A tale of two companies is part of explosive gas history
Joan and Roger Hands
The problems of lighting-up times and vandalism were not unknown, even as long ago as the 18th century, when warrants were taken out for damage to the lamps that were then “set up in the said Town (Hemel Hempstead) in such places as upon Survey shall be judged the most commodious.” These lamps were put up in winter and taken down in summer and records show that the ‘Bellman’ was paid 20 shillings a year to look after the 12 lamps.
They were lit for eight months of the year, from sunset to 2 a.m., but not on the two nights each side of a full moon. A lighting rate as such was not levied until 1867; up to 1853 this public lighting was paid for out of the market’s profits.

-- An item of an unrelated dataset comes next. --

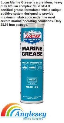 Lucas Marine Grease cartridge is a premium, heavy duty lithium complex NLGI GC-LB certified grease formulated with a unique additive system designed to provide maximum lubrication under the most severe marine operating conditions. Perfect for greasing up boat tilt tubes, boat steering cables, outboard engines, boat trailer bearings.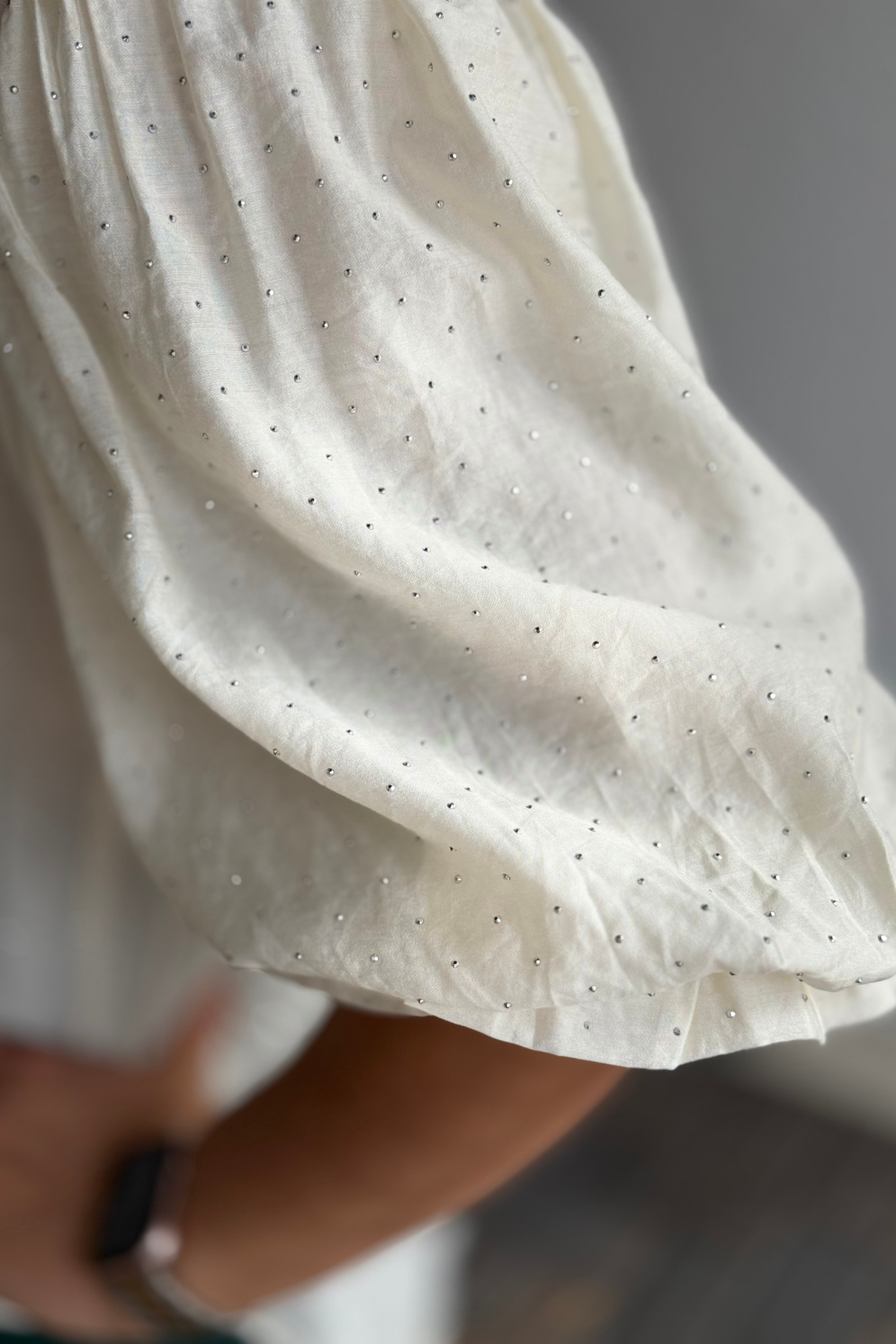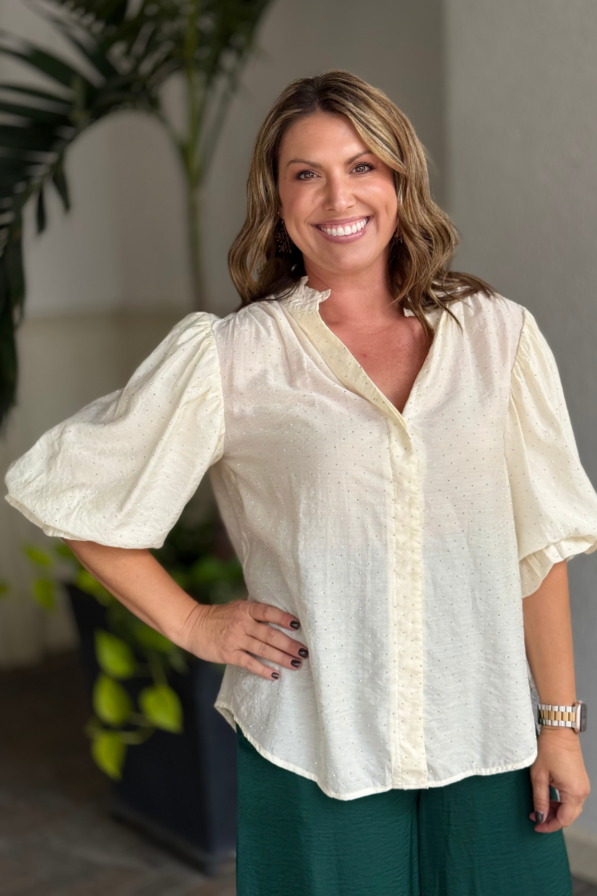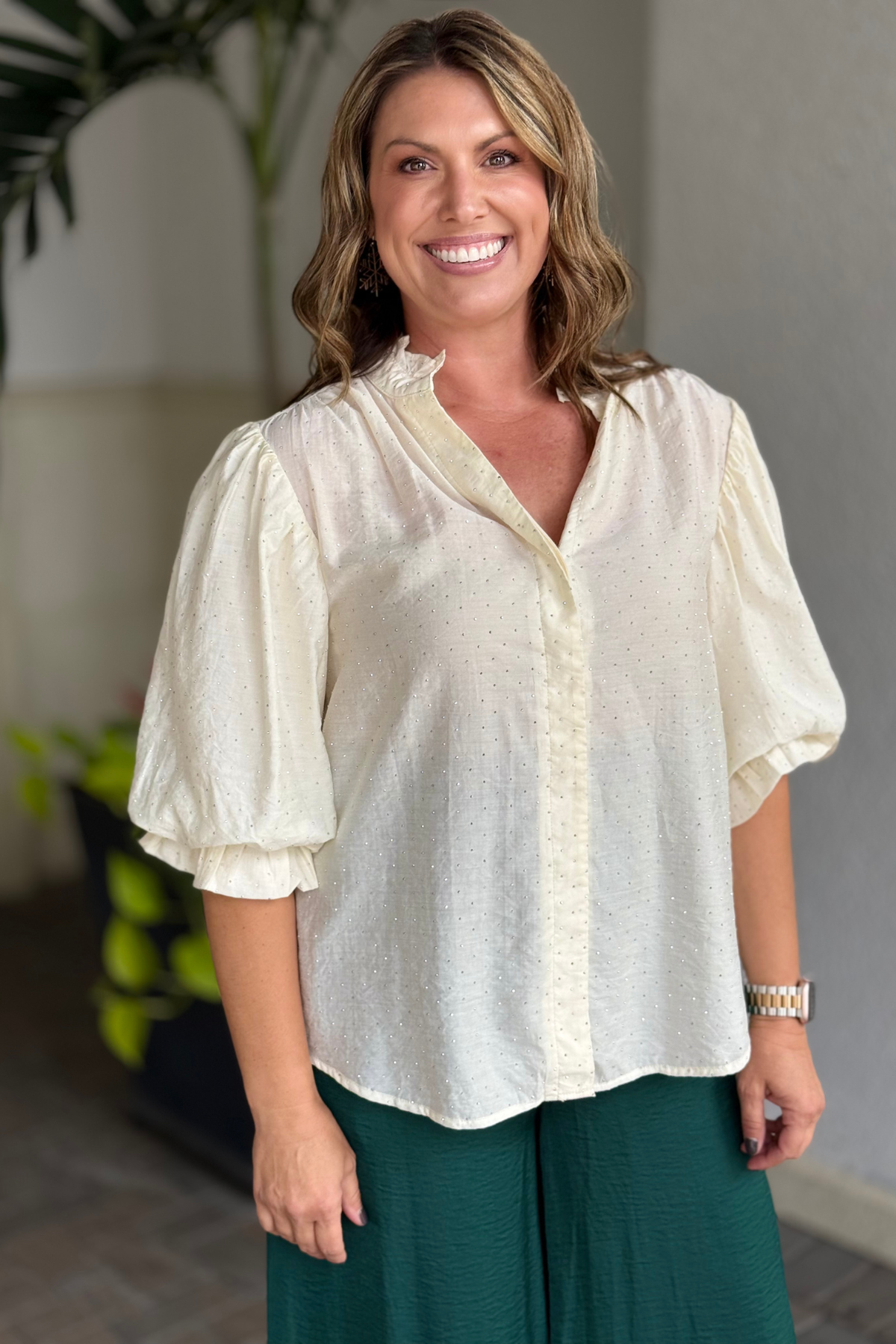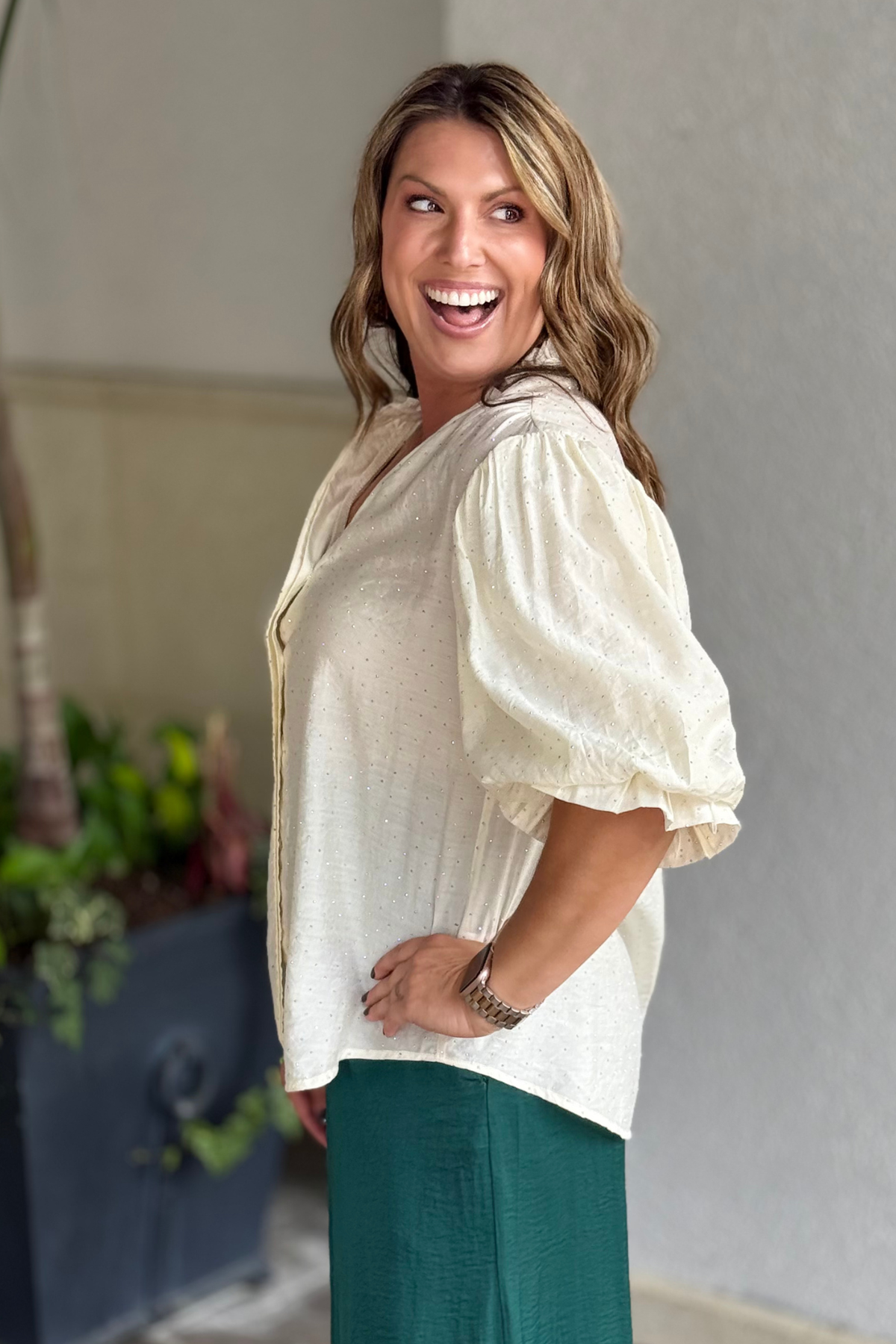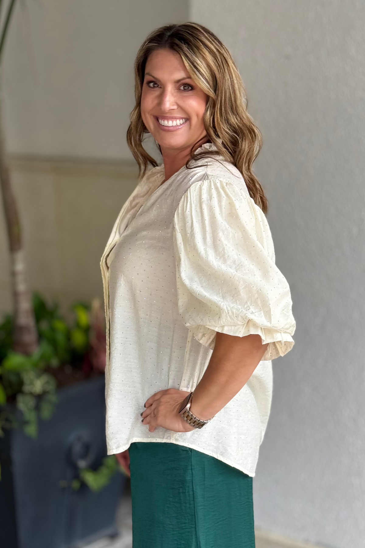 Elevate your look with The Starlit Sparkle Blouse, a chic statement piece that blends sophistication with subtle shine. Crafted in a soft cream hue, this blouse features delicate rhinestone embellishments that catch the light beautifully, giving just the right amount of shimmer. The ¾ length balloon sleeves add a romantic touch with gathered cuffs, while the relaxed fit drapes effortlessly for a polished yet comfortable silhouette. Perfect for holiday gatherings, date nights, or dressing up denim for an easy touch of elegance.

In the History of Hemel Hempstead, mention is made of the opening of the Hemel Hempstead Gas Light and Coke Company on 27 March 1835. It was such a memorable event that a special commemoration dinner was cooked by gas and hundreds who were not invited to eat the salmon and mutton delicacies came to watch the event. The seven retorts and one gasometer were erected in Popes Lane (Bury Mill End) at a cost of £2,500.
After four years, the works were leased to John Cox for 21 years at £125 a year. In 1860, Mr Cranstone took over this lease.
A meeting held at the Railway Hotel, Boxmoor, on 13 July 1868 resulted in the formation of the new ‘Boxmoor, Two Waters and Crouchfield Gas and Coke Company Ltd.’ The original committee consisted of Messrs. Hayes, Byford, Monk, Hall, Evilthrift, Leudon, Catling, Smith and Austin. It started with £3,000 capital.
A fortnight later, the committee agreed to approach Thomas Coupland for the use of his land by the ‘new railway bridge’. He conceded half an acre of land for £300 and a further £15 was paid to his tenant, Frederick Smith, for his interest on the land. They then decided to move the Company’s offices from Boxmoor Wharf to Mr Adkins’ rooms near the Baptist Chapel on London Road. They promised the Inspector of Lighting to light 30 lamps in Boxmoor and Two Waters.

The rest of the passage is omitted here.